Exercise instructions » Below is a listing; retype exactly the lines between the one containing "Полый свитер с" and the one containing "HALTER NECK BOW MINI DRESS IN PINK", inclusive, minus the pictures.

Record extracts »
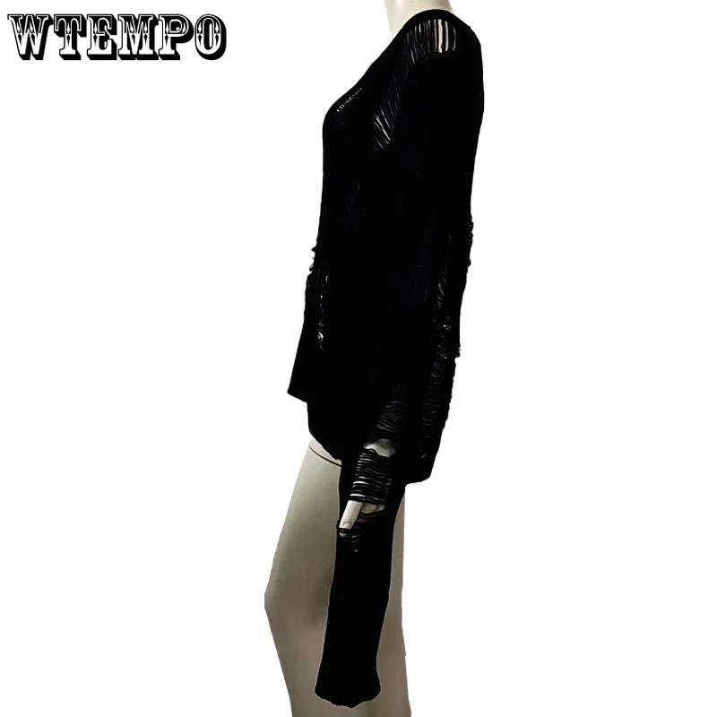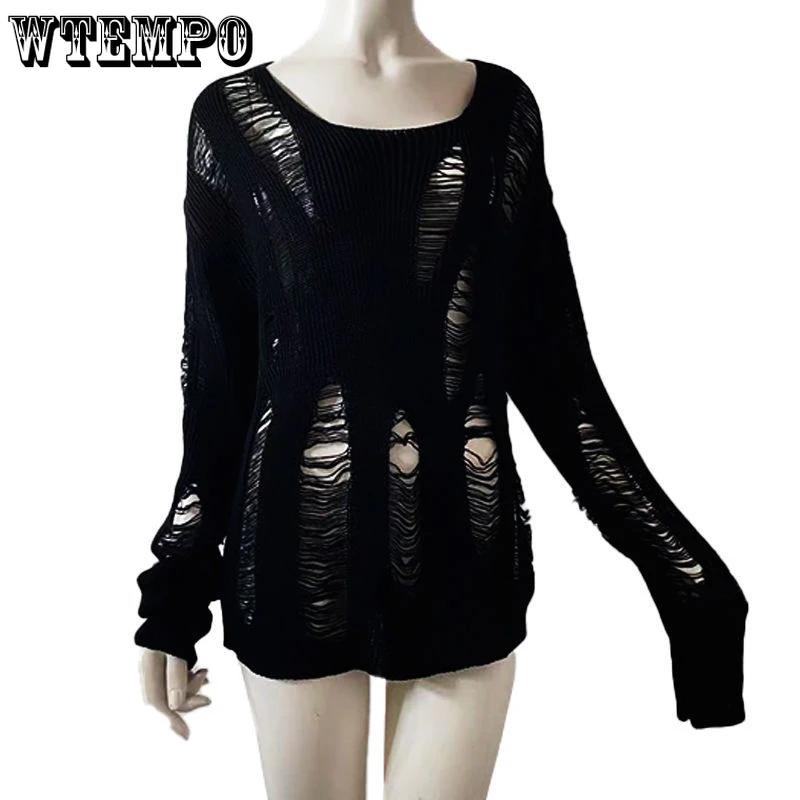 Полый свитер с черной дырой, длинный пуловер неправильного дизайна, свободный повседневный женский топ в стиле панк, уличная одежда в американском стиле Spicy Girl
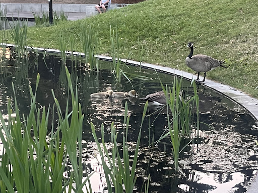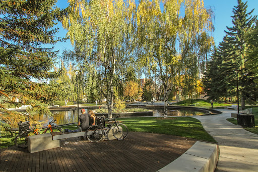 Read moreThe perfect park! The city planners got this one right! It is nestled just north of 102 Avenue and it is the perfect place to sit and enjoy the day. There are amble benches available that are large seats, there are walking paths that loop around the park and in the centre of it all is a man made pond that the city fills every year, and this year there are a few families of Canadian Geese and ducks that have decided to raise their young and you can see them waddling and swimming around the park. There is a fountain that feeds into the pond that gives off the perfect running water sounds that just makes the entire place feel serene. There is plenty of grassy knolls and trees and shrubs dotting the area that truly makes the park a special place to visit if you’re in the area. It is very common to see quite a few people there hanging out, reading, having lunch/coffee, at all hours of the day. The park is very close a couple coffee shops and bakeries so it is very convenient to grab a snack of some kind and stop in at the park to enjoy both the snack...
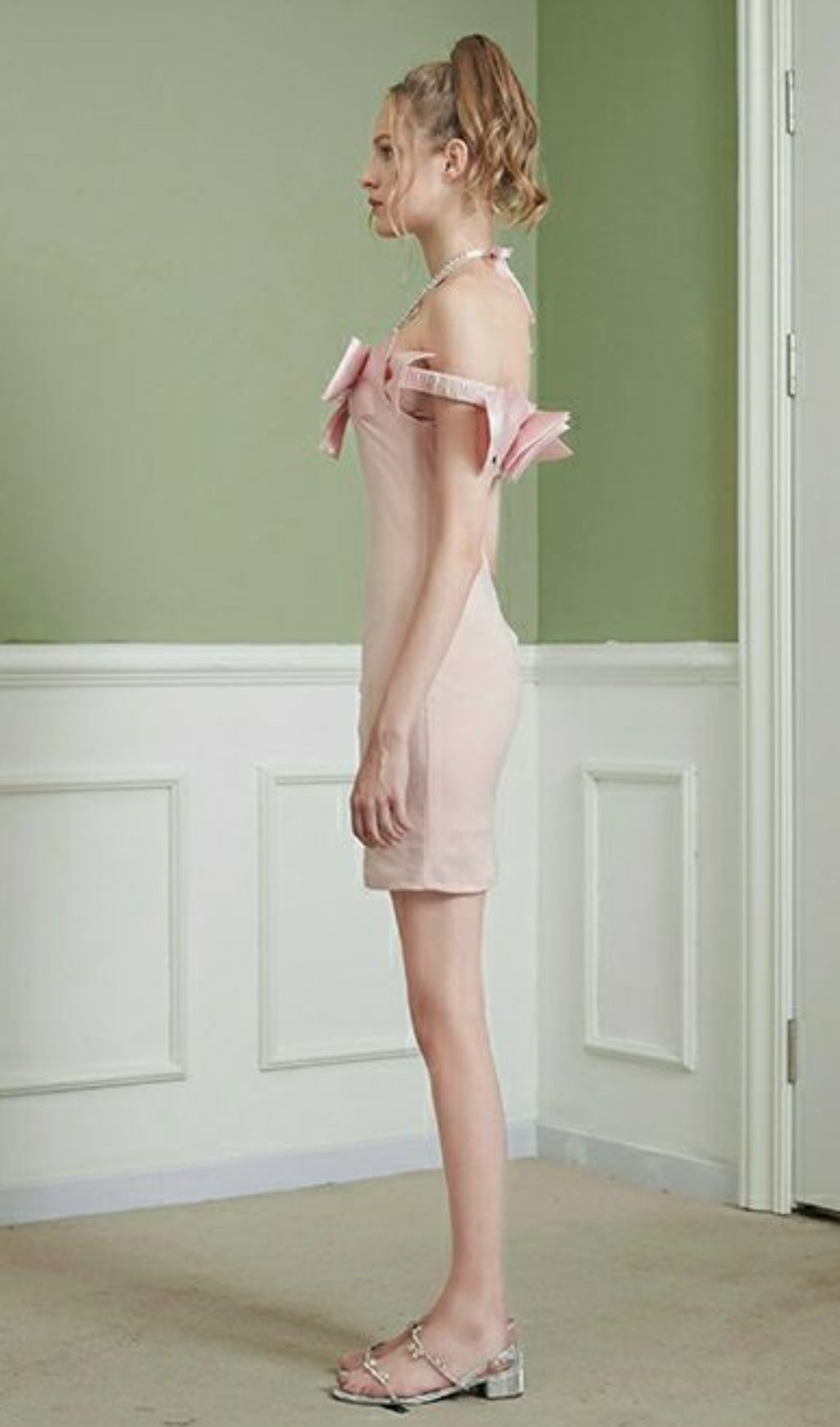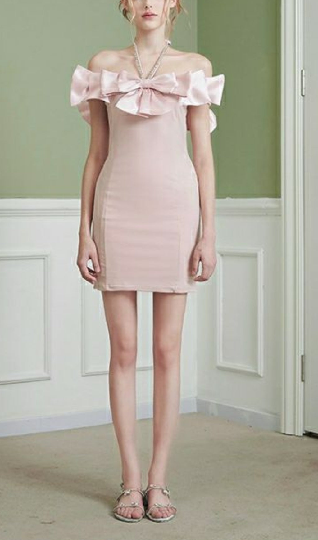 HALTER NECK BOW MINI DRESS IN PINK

...

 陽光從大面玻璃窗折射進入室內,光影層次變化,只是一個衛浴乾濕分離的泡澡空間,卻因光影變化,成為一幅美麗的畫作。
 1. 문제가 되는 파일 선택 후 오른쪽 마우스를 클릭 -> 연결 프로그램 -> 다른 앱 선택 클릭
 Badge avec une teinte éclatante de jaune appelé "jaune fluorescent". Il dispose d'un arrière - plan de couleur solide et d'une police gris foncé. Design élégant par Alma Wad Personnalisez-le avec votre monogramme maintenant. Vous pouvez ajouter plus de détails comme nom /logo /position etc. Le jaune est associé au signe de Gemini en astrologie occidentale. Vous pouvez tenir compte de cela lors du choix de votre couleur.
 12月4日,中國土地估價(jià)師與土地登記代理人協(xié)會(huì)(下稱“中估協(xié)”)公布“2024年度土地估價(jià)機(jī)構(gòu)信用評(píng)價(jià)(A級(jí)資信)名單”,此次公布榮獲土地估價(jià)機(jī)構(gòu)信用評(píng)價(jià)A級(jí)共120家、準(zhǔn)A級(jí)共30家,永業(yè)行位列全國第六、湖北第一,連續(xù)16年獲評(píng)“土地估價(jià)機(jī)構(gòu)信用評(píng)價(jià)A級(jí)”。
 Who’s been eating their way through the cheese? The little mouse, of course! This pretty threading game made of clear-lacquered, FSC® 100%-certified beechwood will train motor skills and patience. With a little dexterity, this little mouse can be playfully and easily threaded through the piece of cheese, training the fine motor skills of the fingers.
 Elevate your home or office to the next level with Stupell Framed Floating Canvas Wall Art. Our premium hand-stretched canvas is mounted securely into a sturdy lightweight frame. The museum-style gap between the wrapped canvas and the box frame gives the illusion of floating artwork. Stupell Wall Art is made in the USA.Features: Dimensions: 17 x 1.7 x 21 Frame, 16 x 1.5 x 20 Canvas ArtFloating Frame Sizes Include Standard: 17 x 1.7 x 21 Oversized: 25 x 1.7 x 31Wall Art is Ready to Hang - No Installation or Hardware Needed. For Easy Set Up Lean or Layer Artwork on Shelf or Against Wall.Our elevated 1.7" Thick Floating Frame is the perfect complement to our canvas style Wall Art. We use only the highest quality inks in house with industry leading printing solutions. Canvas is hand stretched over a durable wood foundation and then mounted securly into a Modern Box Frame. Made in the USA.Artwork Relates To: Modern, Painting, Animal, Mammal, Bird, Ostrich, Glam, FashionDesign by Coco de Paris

--

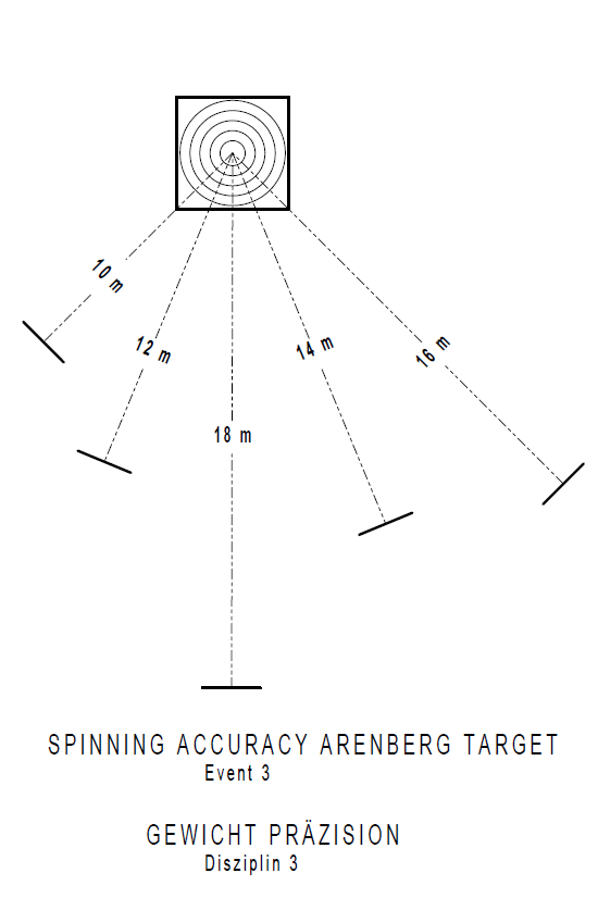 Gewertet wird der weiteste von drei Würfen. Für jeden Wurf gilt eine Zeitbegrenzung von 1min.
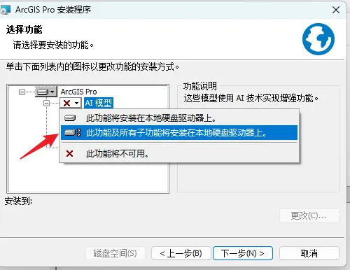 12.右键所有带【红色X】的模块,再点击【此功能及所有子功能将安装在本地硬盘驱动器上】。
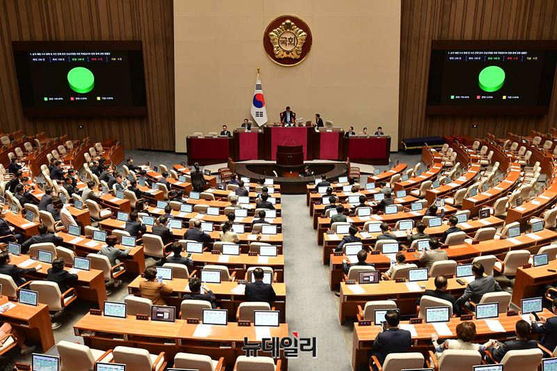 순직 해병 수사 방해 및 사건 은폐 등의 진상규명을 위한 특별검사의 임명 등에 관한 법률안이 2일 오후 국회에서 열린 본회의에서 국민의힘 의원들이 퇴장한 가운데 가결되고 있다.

The answer »
 Полый свитер с черной дырой, длинный пуловер неправильного дизайна, свободный повседневный женский топ в стиле панк, уличная одежда в американском стиле Spicy Girl
 Read moreThe perfect park! The city planners got this one right! It is nestled just north of 102 Avenue and it is the perfect place to sit and enjoy the day. There are amble benches available that are large seats, there are walking paths that loop around the park and in the centre of it all is a man made pond that the city fills every year, and this year there are a few families of Canadian Geese and ducks that have decided to raise their young and you can see them waddling and swimming around the park. There is a fountain that feeds into the pond that gives off the perfect running water sounds that just makes the entire place feel serene. There is plenty of grassy knolls and trees and shrubs dotting the area that truly makes the park a special place to visit if you’re in the area. It is very common to see quite a few people there hanging out, reading, having lunch/coffee, at all hours of the day. The park is very close a couple coffee shops and bakeries so it is very convenient to grab a snack of some kind and stop in at the park to enjoy both the snack...
 HALTER NECK BOW MINI DRESS IN PINK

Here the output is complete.